Die Deiche säumen die Oder auf einer Länge von 169 Kilometern. Bis auf drei bis vier Kilometer sind die Dämme Platzeck zufolge «nagelneu». In der Stadt Frankfurt schlossen Feuerwehrleute am Donnerstagabend die beiden Durchlässe in der Ufermauer an der Schiffsanlegestelle und der Römertreppe vor der Konzerthalle. Der Pegel Frankfurt (Oder) lag Freitagmorgen nach Angaben des Landesumweltamtes bei 3,59 Meter mit leicht steigender Tendenz, normal sind zwei Meter im Mai.

Die anschwellende Oder bleibt an der Grenze zu Polen über Pfingsten für Schiffe befahrbar. In der nächsten Woche sei wegen des erwarteten Hochwasserscheitels eine kurzfristige Sperrung des Grenzflusses für Schiffe möglich.

In Polen stieg der Flusspegel am frühen Nachmittag auf 7,56 Meter und lag damit um mehr als einen Meter über dem Alarmwert von 6,50 Metern. Der Hochwasserscheitel wurde am Abend erwartet - mit dann 7,70 bis 7,80 Metern. Als kritisch gilt ein Wert von 8 Metern.

Hunderte Feuerwehrleute, Soldaten und freiwillige Helfer waren rund um die Uhr in Polen im Einsatz, um die Dämme zu verstärken. Bisher wurden 90 000 Sandsäcke verbaut. Die Behörden seien auf eine Evakuierung der Menschen aus bedrohten Stadtvierteln vorbereitet, bislang gebe es dafür aber keine Notwendigkeit, sagte der Chef des Verwaltungsbezirkes Mazowsze, Jacek Kozlowski. Sorgen bereitet vor allem ein mögliches Durchweichen der Deiche.
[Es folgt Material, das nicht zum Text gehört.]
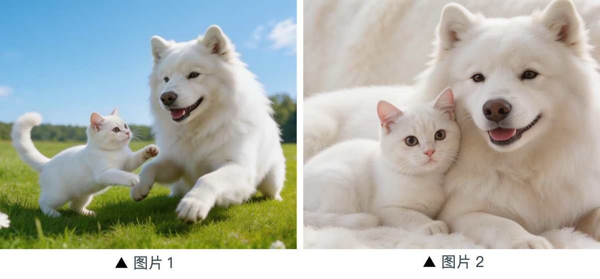 提示词:参考图片中的猫猫和狗狗,在一个温馨的公寓里,狗狗在趴着吃狗粮,猫猫走过来,伸出爪子碰了碰狗狗,狗狗看到猫猫后停下吃饭,猫猫依偎在狗狗身边。画面采用暖色调。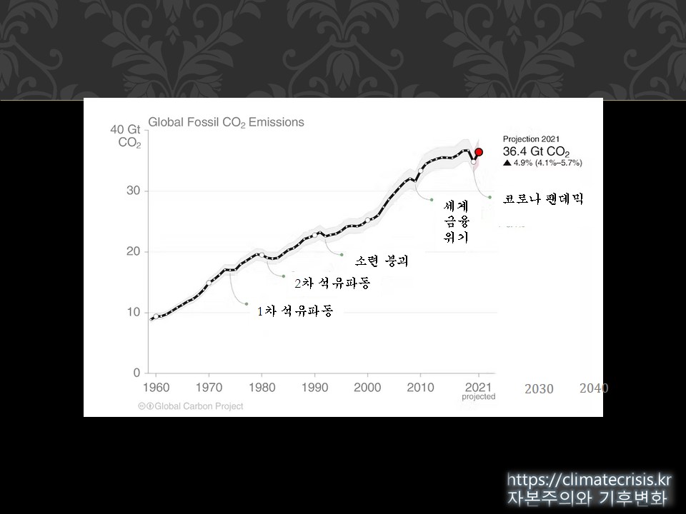이것이 실제 자본주의의 모습입니다. 완전 경쟁 시장이나 혁신과 보이지 않는 손이라는 것은 경제 교과서에나 나오는 이론이고, 실제 자본주의는 온갖 위기가 벌어지고 기후 문제에서는 그런 위기들이 테슬라의 전기차나 애플의 RE100보다 훨씬 영향을 크게 끼칩니다.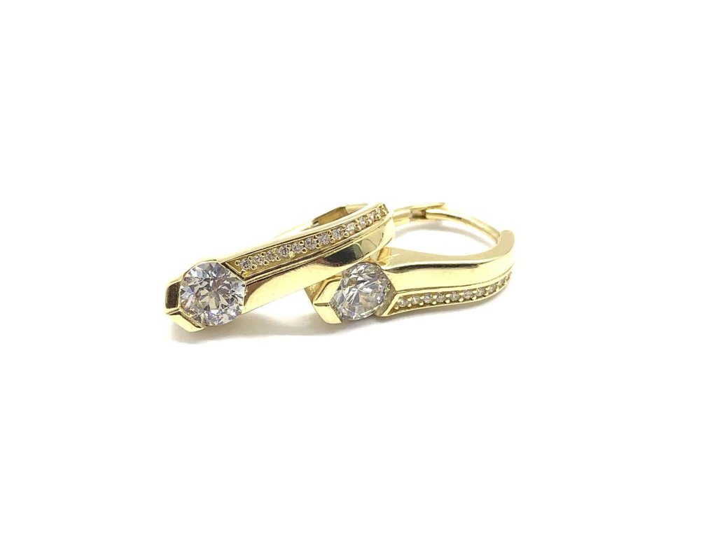 Nádherné dámské náušnice ze žlutého zlata (585/1000). Mají obdélníkový tvar, který je ve spodní části osazen jedním větším zirkone. Horní část je z poloviny hladká a druhá polovina je zdobená malými bílými zirkony. Zapínání je na klapku. Všechno naše zboží je označeno puncovními značkami uznanými Puncovním úřadem ČR.Doplňkové parametry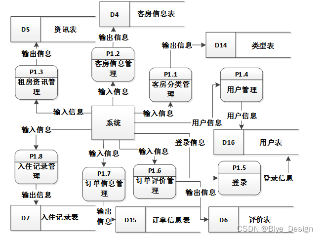 二层数据流程是对一层数据流层图中填写登录注册信息、用户功能的细化。即:填写登录注册信息细化为填制信息、后台审核,用户功能细化为浏览租房资讯、客房信息、入住信息等操作。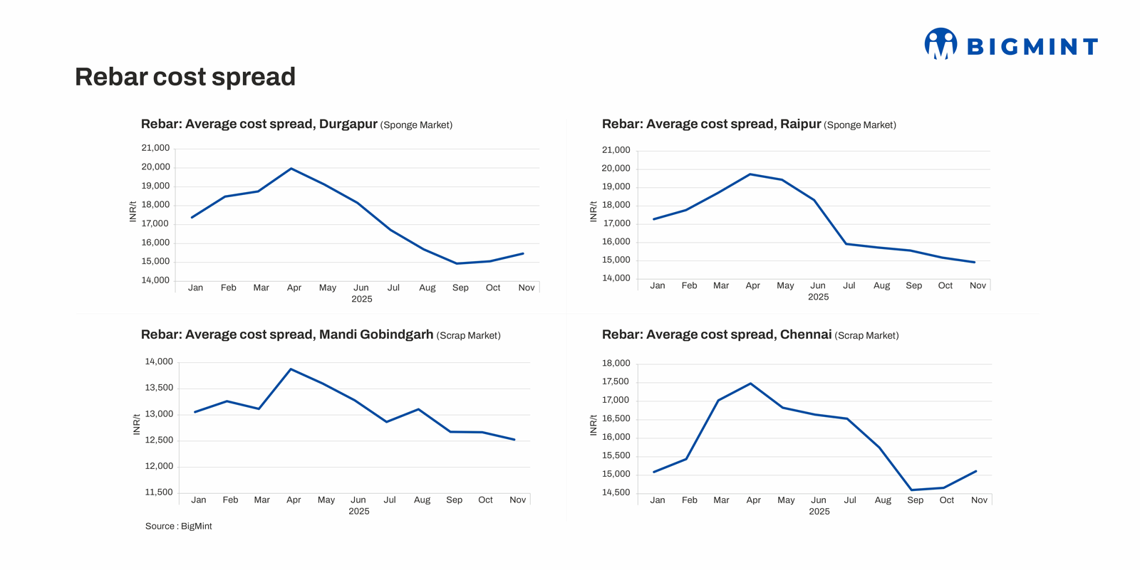 The steady rise in sponge iron output and its competitive pricing will continue to cap scrap demand, limiting any immediate upside in domestic quotations. A gradual recovery may emerge in early 2026 as infrastructure projects resume post-winter and government spending accelerates ahead of the new fiscal year, potentially lending modest support to both steel and scrap prices.
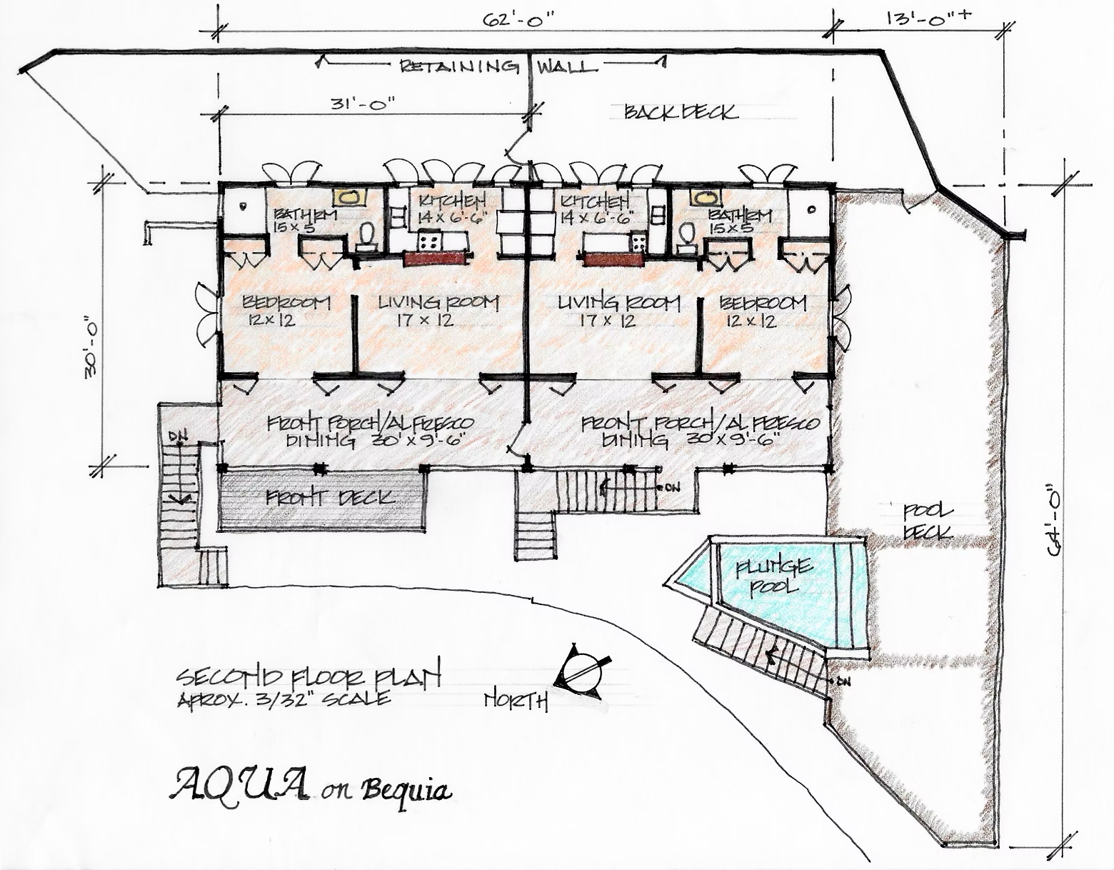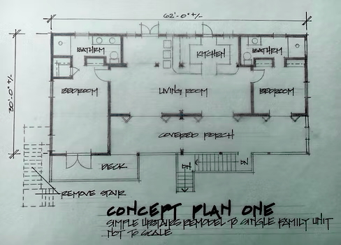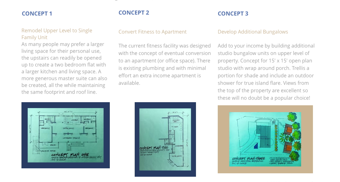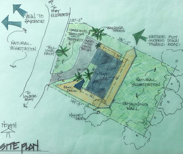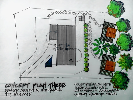 There is space to develop additional studio-style bungalows on the upper portion of the property. A proposed 15'x15' open-plan design with wraparound porches, trellised shade, and outdoor showers would capture the elevated views and deliver significant rental appeal.

Als besonders gefährdet gilt der Warschauer Tierpark am rechten Flussufer. Dutzende Warschauer, darunter auch Kinder, halfen den Rettungskräften dort bei der Errichtung einer Sperre aus Sandsäcken. Auch Breslau bereitete sich auf den Hochwasserscheitel vor, der die niederschlesische Metropole am Samstagmorgen erreichen soll. Die Flutwelle bewege sich wegen der Flutung von Poldern langsamer als erwartet, sagte ein Sprecher des Krisenstabes. Laut Innenminister Jerzy Miller sind die Wetteraussichten für die Stadt günstig. Im Gebiet um Oppeln in Schlesien standen am Freitag rund 100 Ortschaften unter Wasser.
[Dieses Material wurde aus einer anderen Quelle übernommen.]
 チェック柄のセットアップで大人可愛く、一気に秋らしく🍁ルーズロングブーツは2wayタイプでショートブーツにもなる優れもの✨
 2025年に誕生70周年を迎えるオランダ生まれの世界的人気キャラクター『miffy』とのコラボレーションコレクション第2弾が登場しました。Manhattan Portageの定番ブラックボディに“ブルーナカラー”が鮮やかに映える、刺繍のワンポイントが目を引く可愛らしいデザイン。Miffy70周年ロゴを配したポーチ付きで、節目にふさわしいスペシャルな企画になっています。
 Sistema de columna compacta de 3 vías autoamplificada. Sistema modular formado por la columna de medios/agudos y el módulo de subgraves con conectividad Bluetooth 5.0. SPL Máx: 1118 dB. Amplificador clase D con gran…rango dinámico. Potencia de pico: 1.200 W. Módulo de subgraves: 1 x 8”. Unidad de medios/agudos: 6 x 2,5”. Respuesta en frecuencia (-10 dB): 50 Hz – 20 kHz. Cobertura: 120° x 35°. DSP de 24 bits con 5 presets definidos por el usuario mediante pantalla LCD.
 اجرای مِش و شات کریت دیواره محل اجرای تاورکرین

Polens Regierungschef Donald Tusk bezifferte die Flutschäden auf mehr als 10 Milliarden Zloty (rund 2,5 Milliarden Euro). Seit vergangenem Montag mussten in den Hochwassergebieten 23 000 Menschen in Sicherheit gebracht werden. Die Flut zerstörte hunderte Häuser, Straßen und Ackerflächen. Mindestens zehn Menschen starben.